» **Input material**
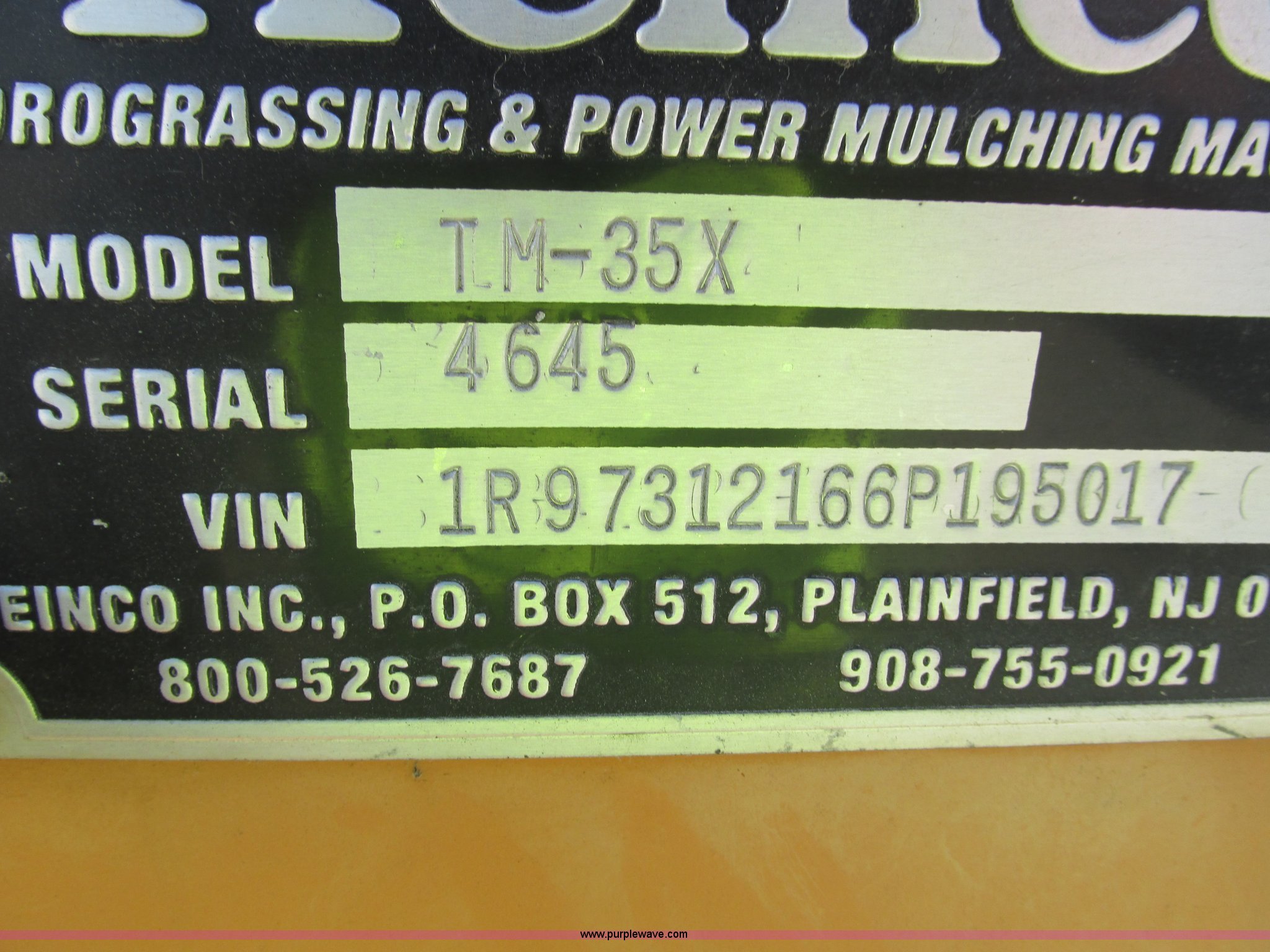 Purple Wave is selling a used Trailer Other in Missouri. This item is a Reinco TM-35X straw blower with the following: 125 hours on meter, Trailer mounted mulcher, Kubota four cylinder diesel engine, 34 HP, 65' discharge distance, Seven tons per hour capacity, Manual feed, Direct drive, 360 degree rotation, 60 degree articulation, Serial 4645, EIN 701279RA
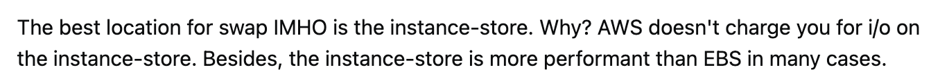 Instance Store 볼륨을 사용한다고 무조건 잘 한 것은 아닙니다. insacne store 볼륨으로의 스왑보다는 RAM 스펙을 업그레이드 하는 것이 성능상 더 좋으니까요.
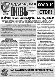 Газета основана 21 марта 1918 г. СПЕЦИАЛЬНЫЙ ВЫПУСК понедельник, 30 марта 2020 г. Общественно политическая газета СТОП! COVID-19 КАК ЗАЩИТИТЬСЯ ОТ КОРОНАВИРУСА СЕЙЧАС ГЛАВНАЯ ЗАДАЧА - БЫТЬ ДОМА! ОБРАЩЕНИЕ ГЛАВЫ АДМИНИСТРАЦИИ СУЗДАЛЬСКОГО РАЙОНА АЛЕКСЕЯ САРАЕВА К ЖИТЕЛЯМ В СВЯЗИ С РАСПРОСТРАНЕНИЕМ КОРОНАВИРУСНОЙ ИНФЕКЦИИ ДОРОГИЕ НАШИ ПЕНСИОНЕРЫ, ВЕТЕРАНЫ, ЛЮДИ СТАРШЕГО ПОКОЛЕНИЯ! Природа коронавируса такова, что в первую очередь он представляет угрозу для вас. Поэтому, наша главная задача - защитить людей старшего поколения. В соответствии с указом Губернатора области о режиме повышенной готовности на территории Владимирской области, жители старше 65 лет обязаны соблюдать режим самоизоляции по месту проживания граждан, в том числе и в садовых домах. Обращаюсь к вам с настоятельной просьбой: ограничьте контакты с другими людьми, особенно приезжими из других мест проживания, вернувшимися из-за рубежа, не выходите из дома без особой нужды. Займитесь домашними делами, подготовкой к огородному сезону, уделите больше внимания своим детям, внукам, позаботьтесь о собственном здоровье и здоровье своих близких. Прошу пожилых людей не посещать общественные места, магазины, аптеки и не пользоваться общественным транспортом. На время вашей самоизоляции в администрации района на базе отдела культуры, спорта, семьи и молодежной политики создан волонтерский штаб. Волонтеры помогут вам оплатить счета за коммунальные услуги, купить необходимые медикаменты и продукты. Для оказания такой помощи организована работа «горячей линии» 8 (49231) 2-18-42, 2-52-12 или 8(800)200-34-11. С призывом оставаться дома в эти дни обратился к верующим и Патриарх Московский и всея Руси Кирилл в своей проповеди - воздержаться от посещения в период распространения коронавируса храмов, а молиться дома. Всю справочную информацию по вопросам пенсий можно будет получить в УФПР в г.Суздале по телефонам: (849231) 2-02-23, 2-14-62. В соответствии с постановлением главного санитарного врача по Владимирской области до 30 апреля 2020 года ограничено посещение медицинских организаций. Вся необходимая медицинская помощь может быть оказана на дому. Вызов врача можно сделать по телефону 8 (49231) 2-01-22 (регистратура поликлиники в г. Суздале). По лечению и профилактике коронавируса в области открыта «горячая линия» департамента здравоохранения. Свои вопросы по данной теме вы можете задать по телефону 8 800 707 42 52 с 8.30 до 17.30 или по телефону экстренных служб 112 (круглосуточно). Выпишите все эти телефоны, чтобы они всегда были у вас под рукой. УВАЖАЕМЫЕ МОЛОДЫЕ ГРАЖДАНЕ! У меня к вам тоже большая просьба. Вы должны понимать, что даже не чувствуя симптомов заболевания, вы можете быть носителями коронавируса, который очень опасен для пожилых людей. В эти дни, насколько это возможно, воздержитесь от общения с вашими родителями, бабушками и дедушками, вообще пожилыми людьми. Особенно, приехавшими из Москвы и Московской области. Поддерживайте связь с ними по телефону или по интернету. Уделите как можно больше внимания своим детям, которые находятся дома. Знайте, что этим вы убережете и себя, и их от возможности заражения коронавирусом. Постарайтесь, чтобы ваши пожилые родные и близкие, знакомые, соседи получали как можно больше положительных эмоций, избегали стрессов. Чтобы они не чувствовали себя одинокими и забытыми. Но, в тоже 
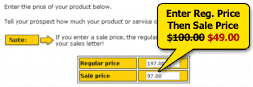 Just enter your regular price (example $100.00) then enter your "sale price" (example $49.00) and the system automatically writes your product price with the higher price crossed out:
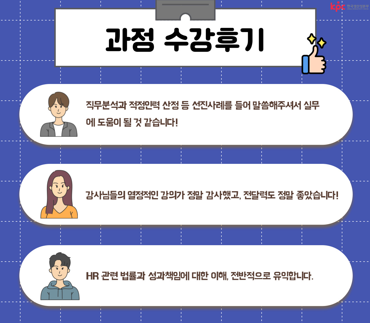 전문 인사담당이 아니여서 인사의 기본적인 흐름이 궁금했는데 많은 도움이 되었습니다. 다음에 기회가 되면 또다른 교육에 참여하 보고싶을 정도로 만족합니다
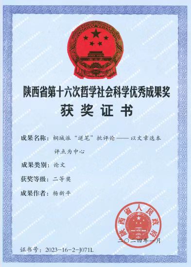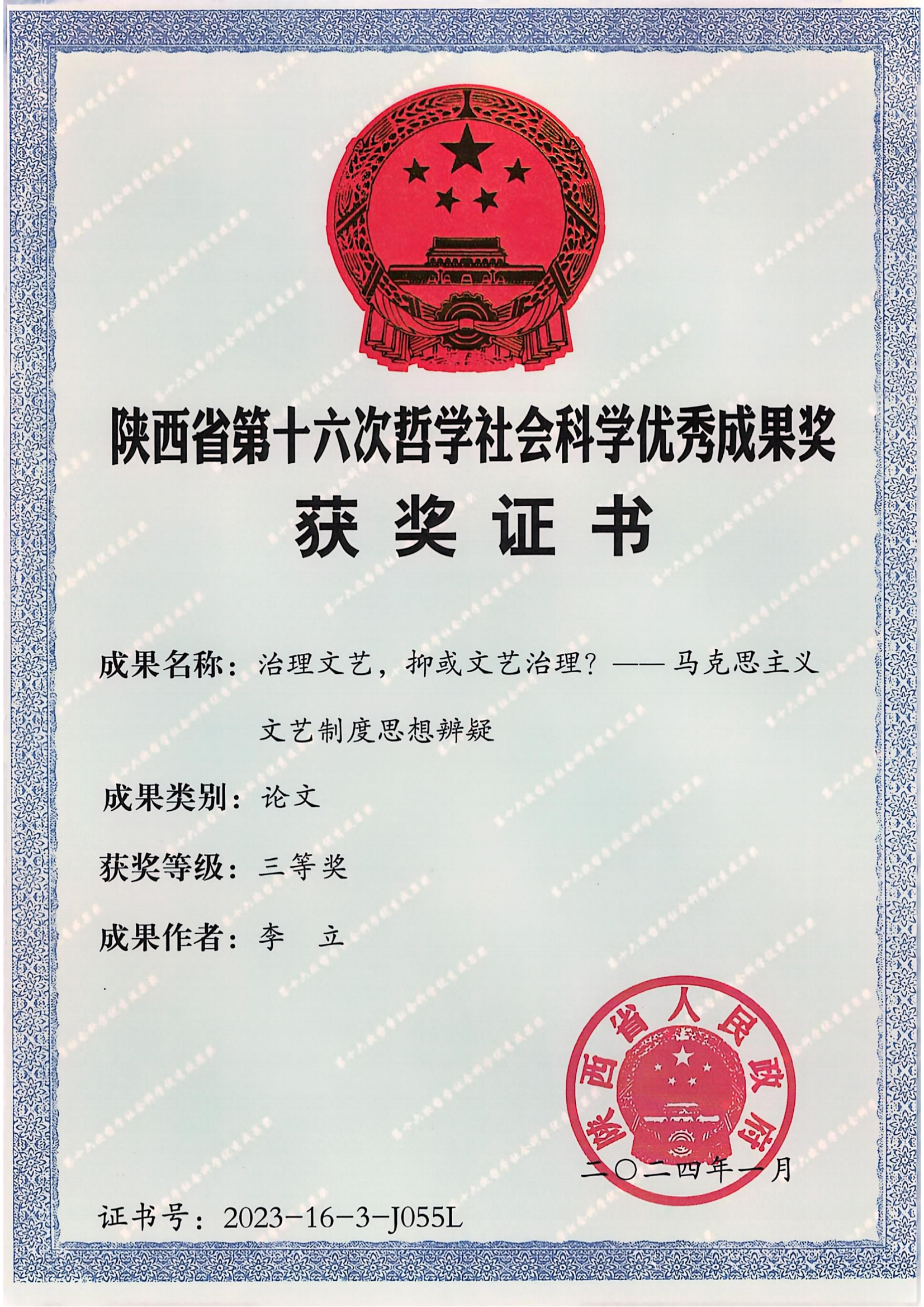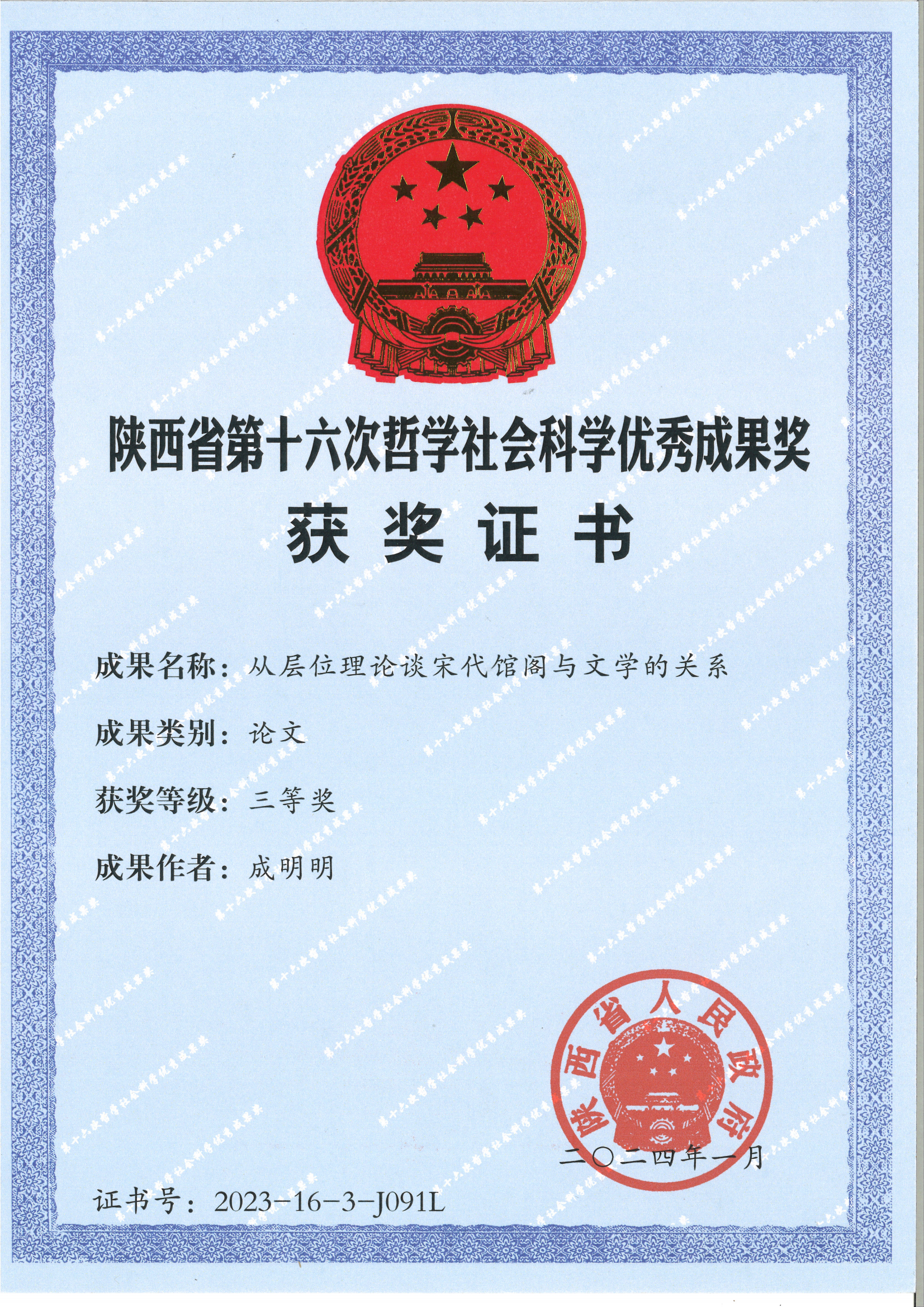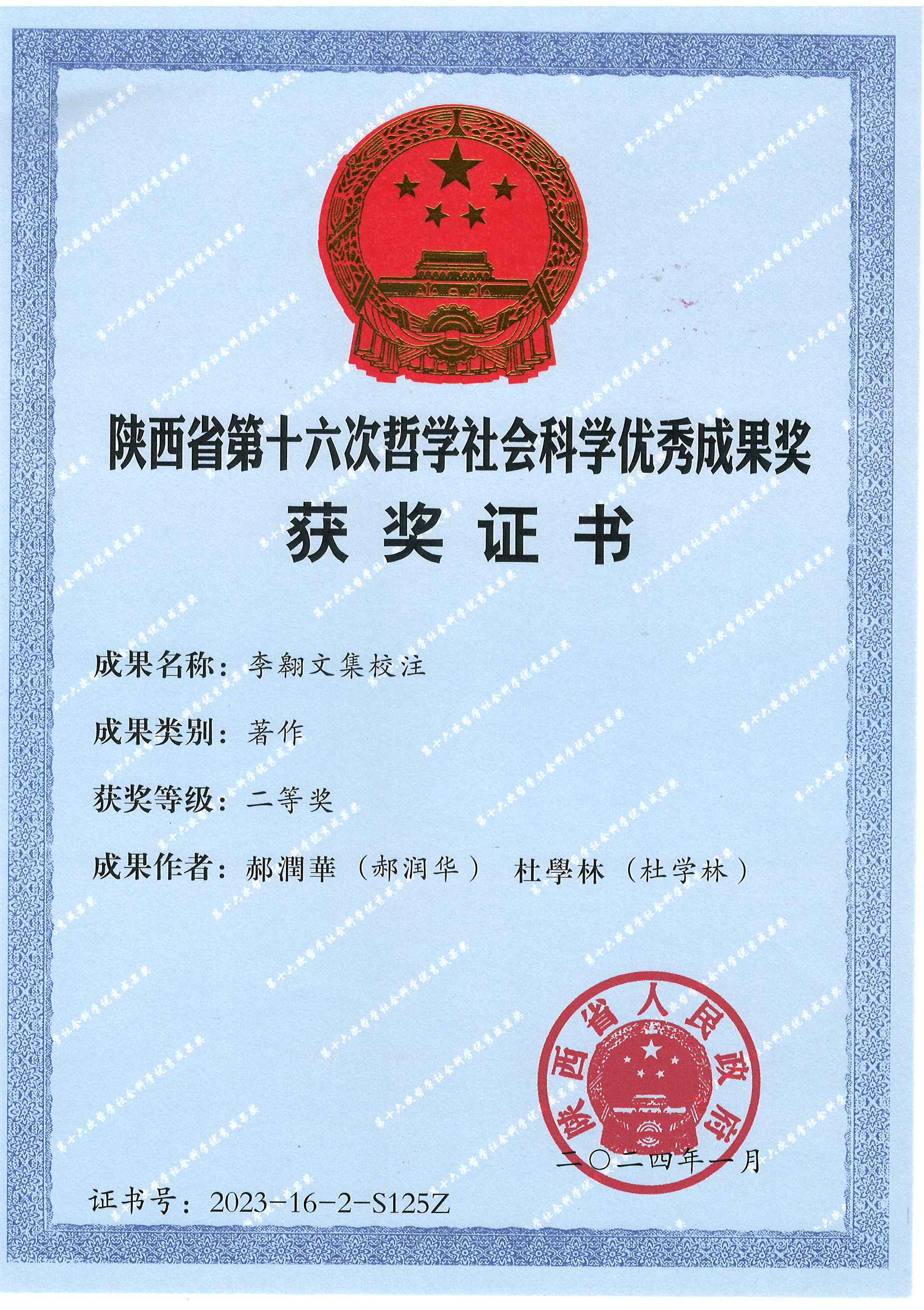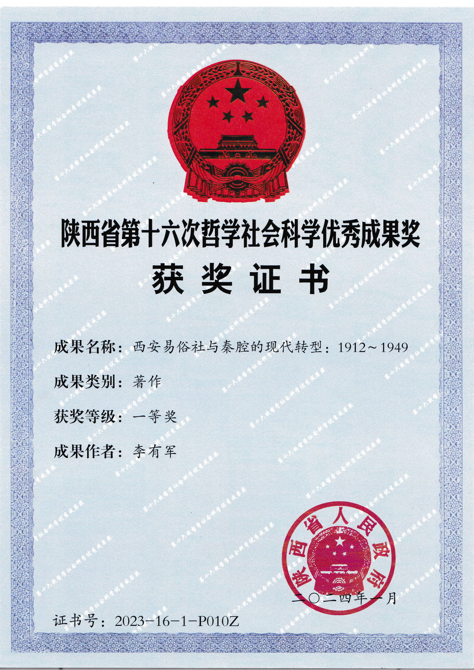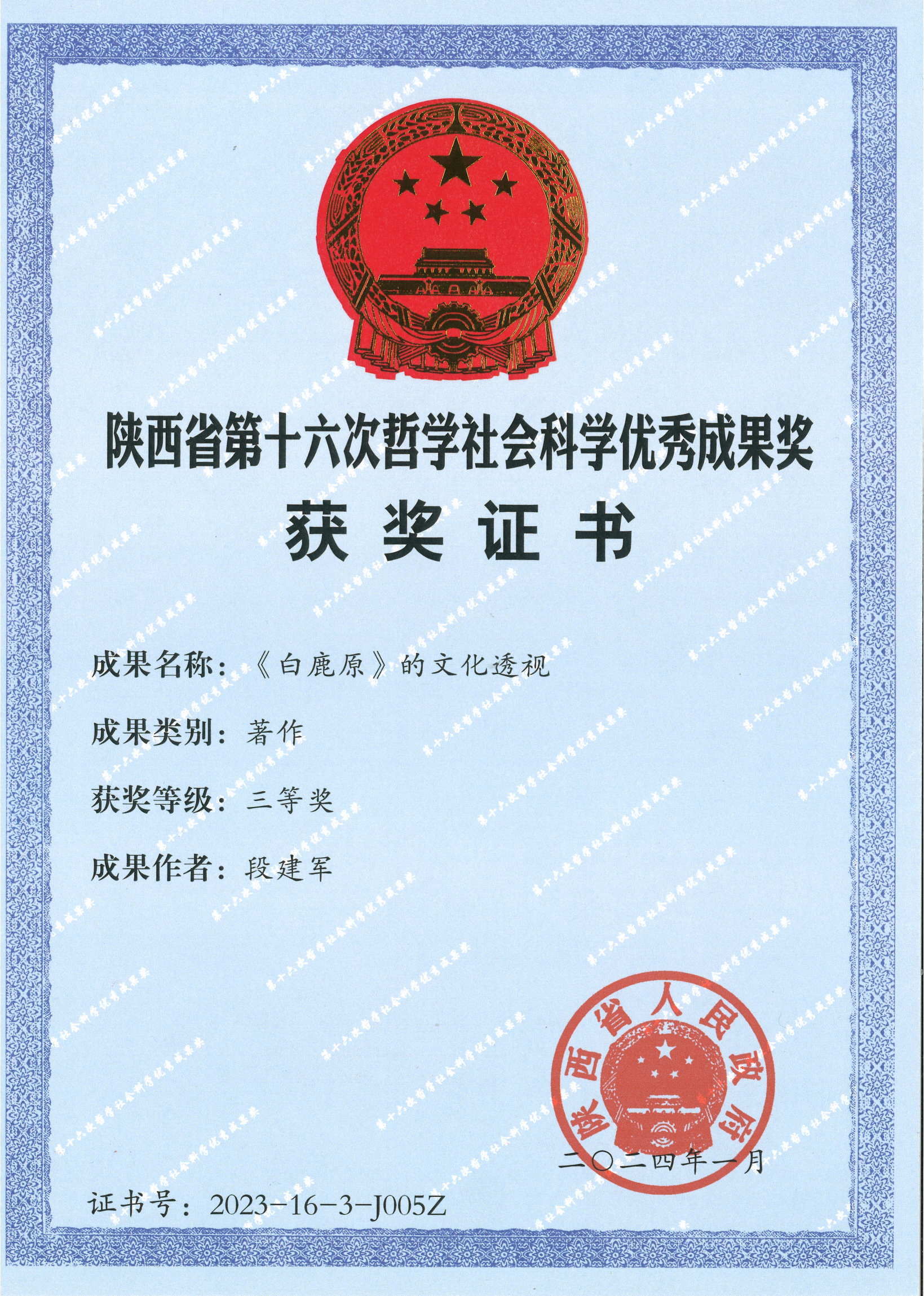 3、荣获陕西省第十六次哲学社会科学成果奖多项
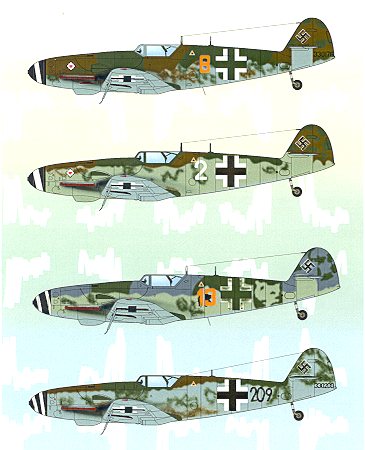 Finally,#209 is one sent to Italy in early 1945. It then had the RSI markings painted on it and was flown by Italian pilots. It is in the 'normal' colors of the itme of RLM 81/82/76
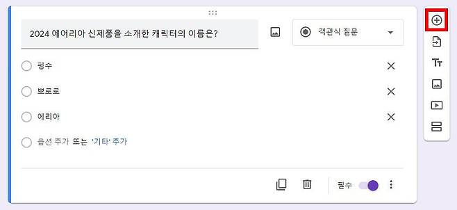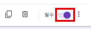 설문을 답변하는 사람이 필수로 설문에 답하게 만드려면, 오른쪽 아래 '필수'에 있는 '토글 스위치'를 선택해 질문을 완성한다.

» **Work to complete**
Reproduce exactly the lines that run from the line holding "전문 인사담당이 아니여서" through the final line of the entries, and omit every picture.

» **Finished task**
 전문 인사담당이 아니여서 인사의 기본적인 흐름이 궁금했는데 많은 도움이 되었습니다. 다음에 기회가 되면 또다른 교육에 참여하 보고싶을 정도로 만족합니다
 3、荣获陕西省第十六次哲学社会科学成果奖多项
 Finally,#209 is one sent to Italy in early 1945. It then had the RSI markings painted on it and was flown by Italian pilots. It is in the 'normal' colors of the itme of RLM 81/82/76
 설문을 답변하는 사람이 필수로 설문에 답하게 만드려면, 오른쪽 아래 '필수'에 있는 '토글 스위치'를 선택해 질문을 완성한다.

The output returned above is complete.